The mundane books included Stephen King’s The Stand about a post-apocalyptic America ravaged by plague, James Elroy’s The Big Nowhere, Curtis and Dianne Oberhansly’s Downwinders: an Atomic Tale and Elizabeth Wolff’s Out of the Blue in which the title says it all, in the latter case referring to both chance and to the source of truth in the sky. There is also a biography of Charles Lindbergh, a Scrabble dictionary and a Sherlock Holmes mystery. These books were clues that subtlety would not be a great strength in this movie. Mark Helprin’s Winter’s Tale, an updated version of the Moses story set in New York, seems to have some connection with the movie, but I would have to read Helprin’s book to figure it out.

However, Herman Melville’s classic, Moby Dick, the story of Captain Ahab chasing a huge white whale, is also among Murph’s books. The novel begins, “Call me Ishmael.” Is Christopher Nolan, the director of Interstellar, the narrator, Ishmael, while Cooper is Ahab searching to find, not a spirit whale, but a habitable planet where the human spirit as well as body can survive and thrive? It is hard to say. For the film is syncretic, mixing and not always matching multiple sources and influences. I was sure one of the most important was Odysseus’ (in Latin, Ulysses) travels in the Odyssey and his ten-year effort to return home to Ithaca after the Trojan Wars. In a small way, perhaps. But there were too few parallels. In Interstellar, there are twelve ships that were driven off course just as in the Lazarus mission ten years before Cooper set off. Are the people on Earth the infamous lethargic lotus-eaters? Certainly multiple winds that Odysseus had in the leather bag given by Aeolus, the keeper of the winds, permeate the story.

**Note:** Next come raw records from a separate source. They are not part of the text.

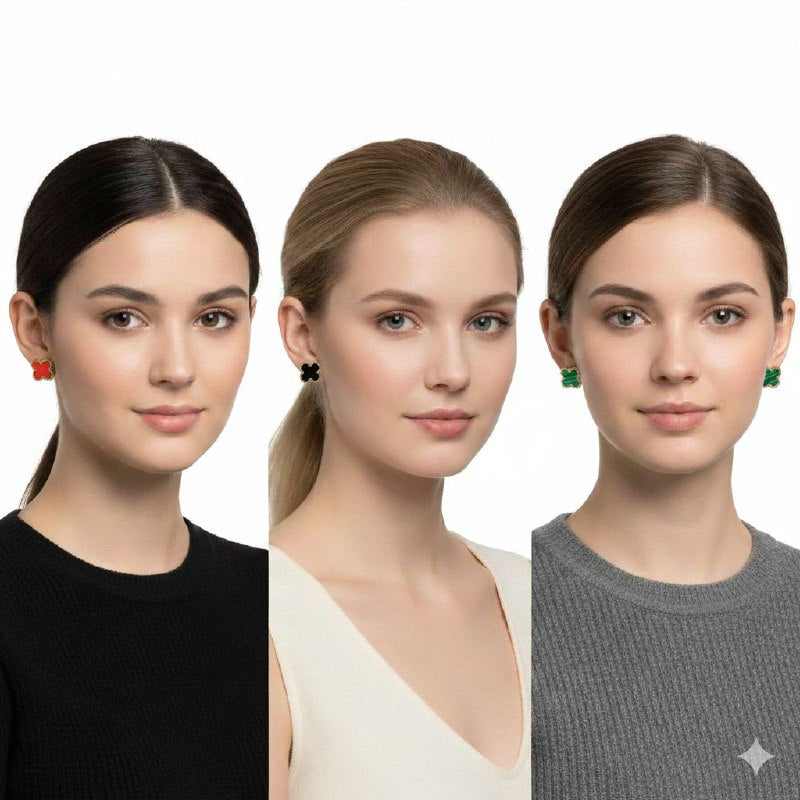 SET DE ARITOS DE ENCHAPE FLOR CARTIER PARA DAMA 3 COLORES
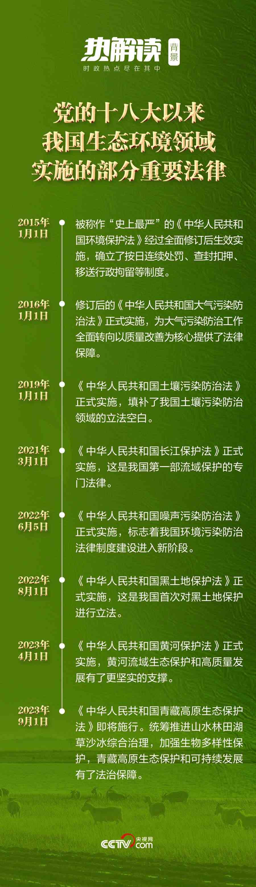 黨的十八大以來,越織越密的生態(tài)文明制度體系成為生態(tài)文明建設(shè)的有力保障。將“生態(tài)文明建設(shè)”寫入憲法,制定和修改長(zhǎng)江保護(hù)法、土地管理法、森林法等,我國(guó)生態(tài)環(huán)境立法實(shí)現(xiàn)了從量到質(zhì)的全面提升。
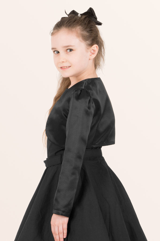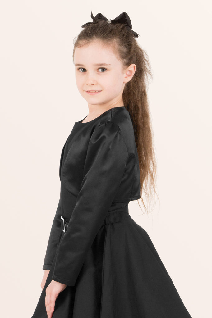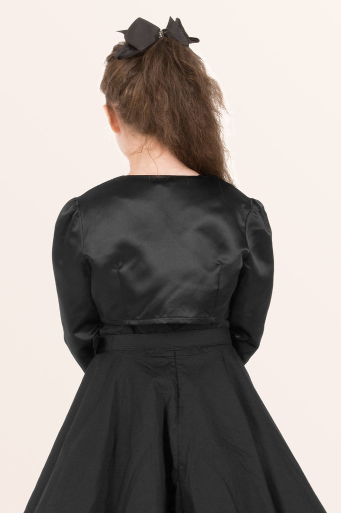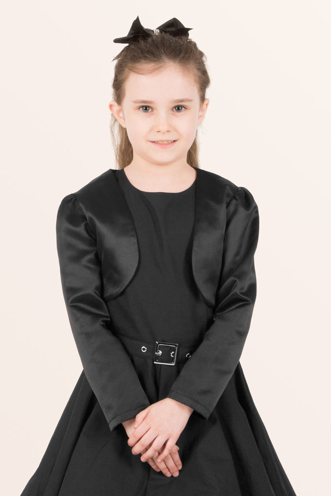 Complete the vintage look with our gorgeous girls’ long sleeve bolero. Made from soft, gentle satin, the jacket adds that extra sparkle to any occasion whilst still giving you a little extra warmth with its spacious long sleeves. This bolero is specifically designed to complement our girls dress range and our matching women’s range. Perfect for bridesmaids, weddings, parties, and special evenings!
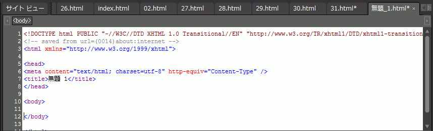 - HTMLタグの前行に
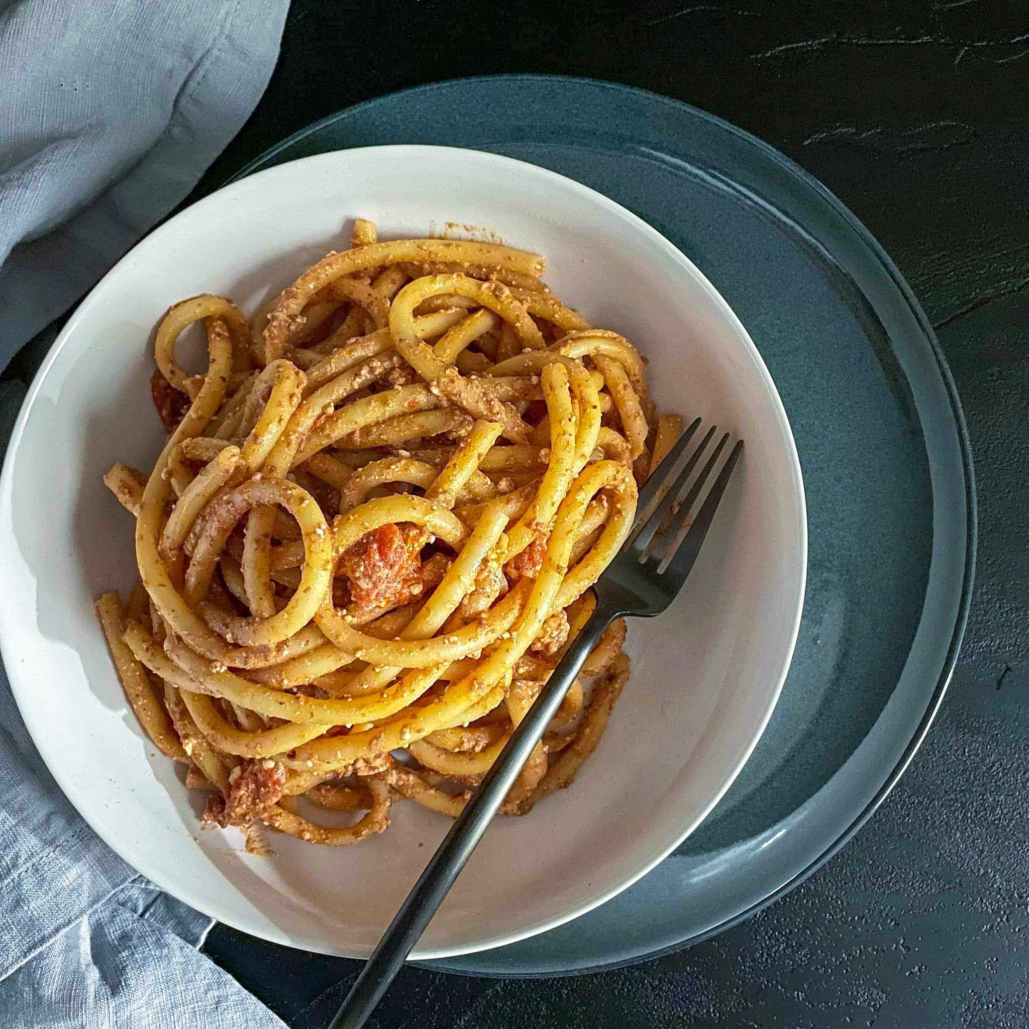 - Daca nu e format sosul, mai adaugati din apa de la fiertul pastelor si serviti pastele calde
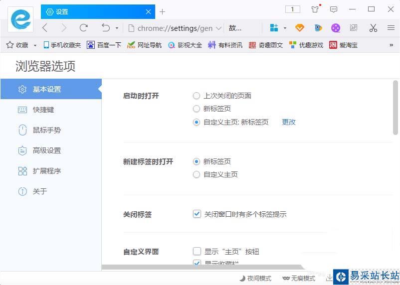 4、點(diǎn)擊設(shè)置選項(xiàng)后,這個時候會跳轉(zhuǎn)到瀏覽器設(shè)置頁面。如圖所示;
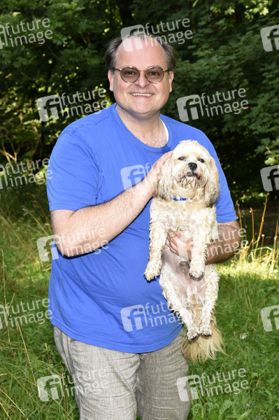 Markus Majowski mit Hund Utzy bei der Fotoprobe zum Theaterstück 'Ungeheuer heiß' auf der Freiluftbühne im Gastgarten Siebenbrunn. München, 27.07.2021
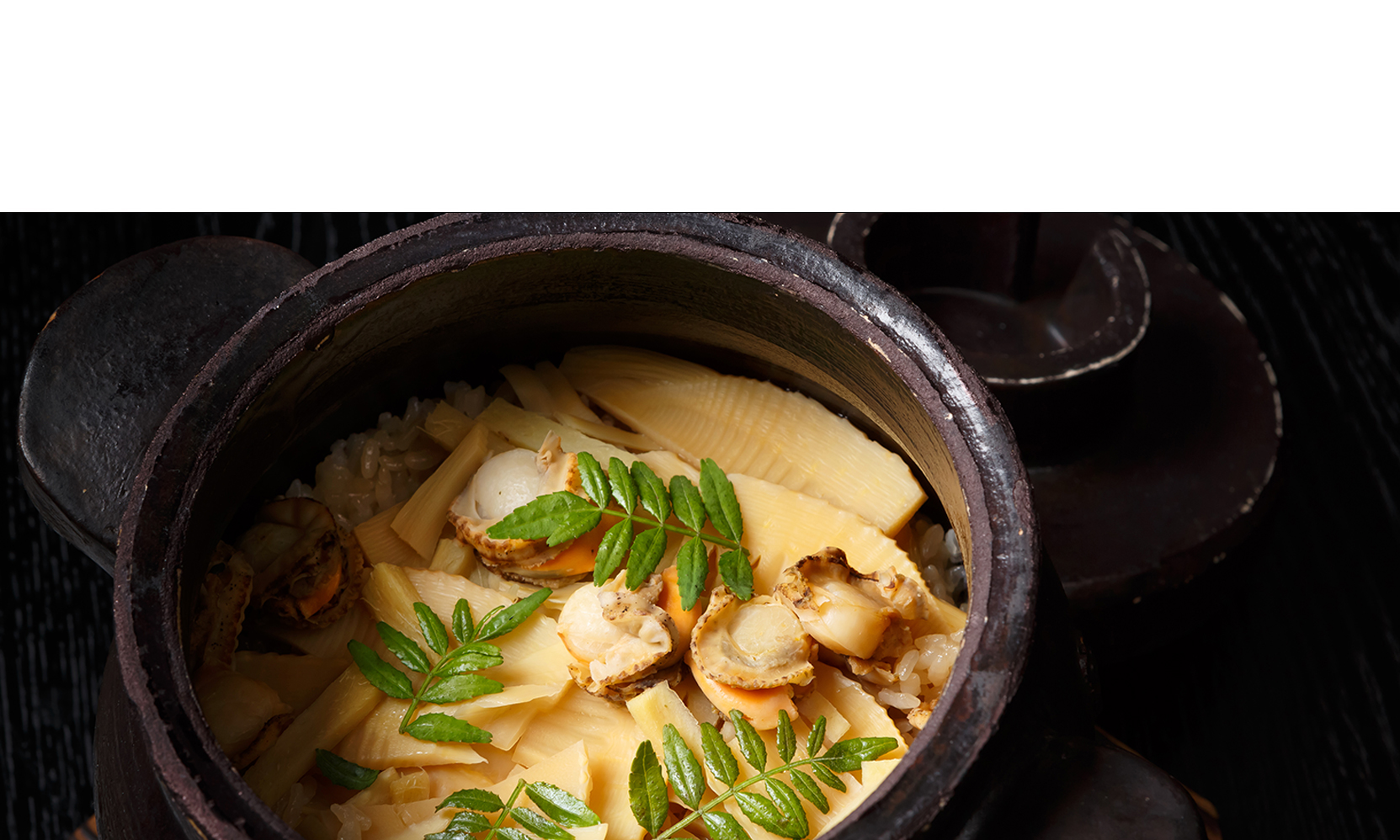 信州の北部から取り寄せる米はしっかりとした味わいが有り、季節の食材との相性は抜群です。ご注文いただいてから一釜ごと丁寧に炊き上げた炊き込みご飯で長野の四季をお楽しみ下さい。
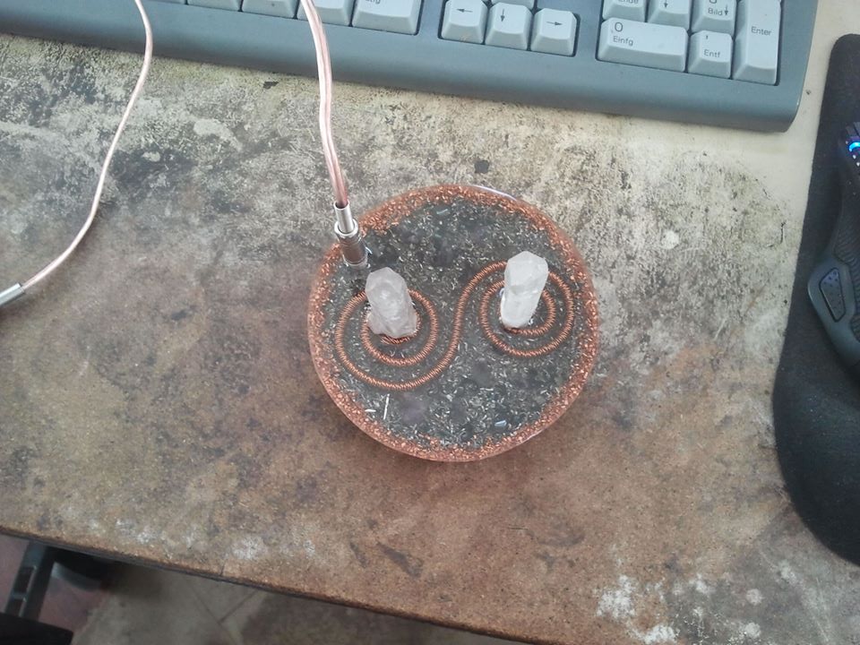 So liebe Leute, na dann schaut mal was ich hier habe. Dies ist ein Orgonit den man mit Frequenzen versorgen kann. Kurz und knapp, man schließt dieses Gerät an einem Frequenzgenerator oder gleich am besten, an einem DC Zapper an, speist dann Frequenzen durch, idealerweise Rechteckwellen/Square! Zum Beispiel 7.83 Hz, welche durch Blitze bei Gewitter entstehen, oder auch welches die auch unser Gehirn erzeugt. Bei durchgehenden Betrieb erzeugt dieses Gerät ein Feld aus wirbelnden Energien, oder besser gesagt elektromagnetischen Wellen, welche dann immer höher in den Himmel gelangen! Diese Wellen sind mit speziellen Messgeräten nachweislich messbar. Das erkenne ich zum Beispiel auch daran, das kleine Flugzeuge oder Tragschrauber ständig um den Aufstellungsort dieses Geräts ein paar Minuten umher kreisen, und dann wieder verschwinden von wo die hergekommen sind. Auch Tiere haben ein besonders empfindliches Gespür dafür. Man muss sich aber ein bisschen über Schumann Frequenzen informieren, zum Beispiel hier rüber: brainscanner.de/therapie/biblio/de/BS_Schumann.pdf

However, there are no cannibals though the voyageurs are torn between Dr. Mann’s and Dr. Edmund’s planets, the Interstellar tale is actually far less fantastical than the narrative of the Scylla and the Charybdis. For this film is about science fiction, not science fantasy. Odysseus never meets the spirit of his own mother, but rather the real flesh and blood presence of his own daughter. He was the spirit. She was the real thing. It is Cooper’s daughter not Cooper himself whom the new colony of humans is named after. After all, the movie is about father-daughter love as an expression of quantum entanglement, the interaction of two particles that behave as one even though they may be light years apart. We no longer live in the mechanical industrial age but in a networked communicative age; this movie is surely an expression of my children’s and grandchildren’s era rather than my own.